New Gadget Madly In Hope

28 March 2014

PolyHarp is coming

New App I am working on
My guess is that very few people read this - they are all out on FaceBook .. but anyway, I'm working on a new app very feverishly . (I should be working on old apps, but there are things I want to try out).

Anyway, it's called PolyHarp, and it's kind of a update to my old Amiga program LYR. LYR was an Amiga based autoharp simulator.
It played MIDI synthesizers and had some pretty bizarre chords and features, including a strum sequencer.But LYR never got to a stage where it was user configureable.

The main differences are:
- iPad only .. it's too big for a iPhone.
- synthesized, not MIDI. that means chords can be made of any musical intervals, not just those in a 12EDO scale.
- "strings" on the harp correspond to the strings of the chords.
- of course any chord setup can be transposed.
- you can make up polyharps with a great number of chords
- you can layout the chord buttons all over the screen
- a chord bar is a collection of intervals which themselves are transposed by a relative interval, which is resolved to a base "key"
- strings are resolved within an adjustable frequency range.

Thus, if your Base key (frequency really) is an F, a "IM" chord becomes an "FM", a "V7" chord is "C7". but there are vast numbers of new chords to be made,
like ones with other equal temperaments, or just ratios, equal divisions of other intervals, or merely cents.
You can compare variations on the same chord. The chord bar intervals are specified with the good old tonality spiral used in Droneo.

Audiobus support will help it along!
00:34:30 - jhhlnet - No comments yet, click here to add one

PolyHarp is coming

PolyHarp is an extended chorded zither-like instrument that runs on the iPad.

It's related to LYR which I wrote for the Amiga before you were born.

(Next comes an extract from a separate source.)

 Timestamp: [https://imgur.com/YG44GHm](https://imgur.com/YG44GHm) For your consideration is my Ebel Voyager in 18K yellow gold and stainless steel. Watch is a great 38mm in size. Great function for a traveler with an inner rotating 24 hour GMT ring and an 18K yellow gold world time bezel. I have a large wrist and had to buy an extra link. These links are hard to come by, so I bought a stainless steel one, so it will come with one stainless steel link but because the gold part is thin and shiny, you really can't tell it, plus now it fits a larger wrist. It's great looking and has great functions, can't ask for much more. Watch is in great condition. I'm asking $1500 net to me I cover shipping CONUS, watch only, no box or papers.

PolyHarp's new idea is that the chords create the strings, so you can have a chord set based in any key, and have any intervals in any chord based off any interval.
These base frequencies are specified as standard note names like C#4 or as Hertz. All the intervals follow Droneo's interval specification format, so you can say 4/3, 762 (cents), 5:19 (5th degree of 19-TET) and 7:11@3/2 (7th degree of 11 equal divisions of a 3/2). I also added presets for standard intervals like II, VIIb IV# ,Ib, so you can build some standard chord sets. In fact, you build chord bars using that syntax or using a tone spire like Droneo's

PolyHarp can be subtractive (damping) or additive (undamping) . Damping means pushing a chord bar button damps the strings that aren't in the chord. Pushing two bars results in fewer "live" strings. Additive (undamping) system works the other way, the strings are normally all dumped and more are activated by pushing the bars. That way, you build up chords with multiple chords bars. There are also lock bars , which lock themselves as if pressed, and there are hammers which play all the strings when you press it. The felts, by the way, are just manipulating the 'damping" of the string, and so you can have "bad" felts that damp more slowly than "good" felts. You can also have the option of being able to excite damped strings on a strum, so it has that classic 'washboard-y' sound.

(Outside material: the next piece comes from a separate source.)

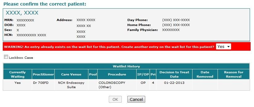 Novari ATC displays a wait list history for the patient, depending on the system settings. If the patient is already on the wait list, the red warning will appear to confirm this patient should still be added to the wait list. If the patient is the correct patient, select OK. The system will then open the Add Patient page. If not correct, select Cancel to re-enter search criteria. If the patient cannot be found after several confirmed correct attempts, add an unregistered patient.

PolyHarp has an extremely simple oscillator structure so that it can be polyphonic (about 50 voices at 44.1KHz) It's a sine that get's clipped a little, with an envelope of paired decays. Very simple. There will be some kind of MIDI support - although I'm not sure the microtonal pitches will be supported.

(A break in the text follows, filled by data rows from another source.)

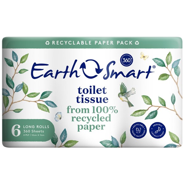 EarthSmart Toilet Tissues are soft and absorbent making them a great bathroom option. Each pack contains 6 long toilet tissue rolls with 360 sheets that have a 2 ply thickness. Toilet tissues are made from 100% recycled materials packaged in a paper pack that recyclable. Proudly made in NZ from local and imported material.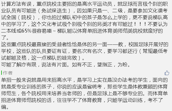 下面我们做一些计算,我们假设特招的名额全部招满,男足可单招350人,达二本线65%即可录取的为50人,达二本线可录取的为35人,女足为126人。因为女足的情况,我不是太了解,没什么发言权,以后可能会多关注一些,下面我们主要谈谈男足。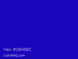 Hex #1b06bc Color is a normal indigo color and the nearest color is Dark Blue #0000c8. Hex code #1b06bc and RGB value is rgb(27,6,188). In RGB color space, this color is composed of 11% red, 2% green, 74% blue, In CMYK color space, this color is composed of 86% cyan, 97% magenta, 0% yellow , 26% black , In HSL color space, this color has a hue angle of 247° , 94% saturation and 38% lightness.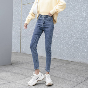 韩版高腰牛仔裤女2020秋冬新款长裤显瘦显高铅笔裤...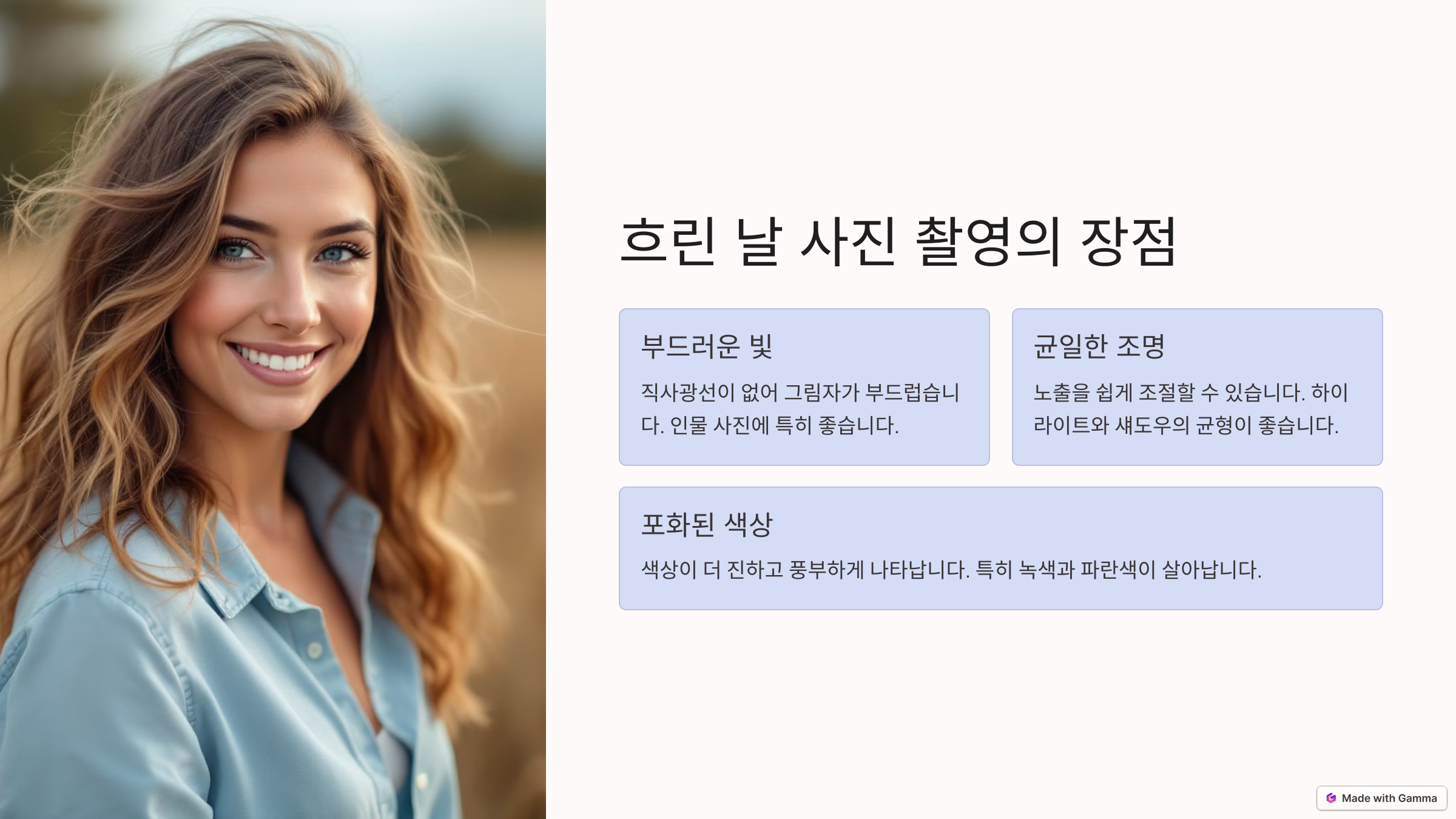 특히 인물 사진을 찍을 때 흐린 날의 자연광은 마치 스튜디오에서 촬영한 듯한 균형 잡힌 조명을 제공해요. 또한 반사광이 적어 건축물이나 풍경을 차분하고 깨끗하게 담을 수도 있어요.

PoyHarp will also have LYR's "strum Sequencer" which lets you build a strumming pattern independent of a chord pattern. PolyHarp attaches to AudioBus.

The layout of buttons and strings is pretty flexible: you can specify the location of the buttons and the size of the string area and they can be moved so they fit your hand better. I hope to get it out in a few weeks - it's already pretty exciting!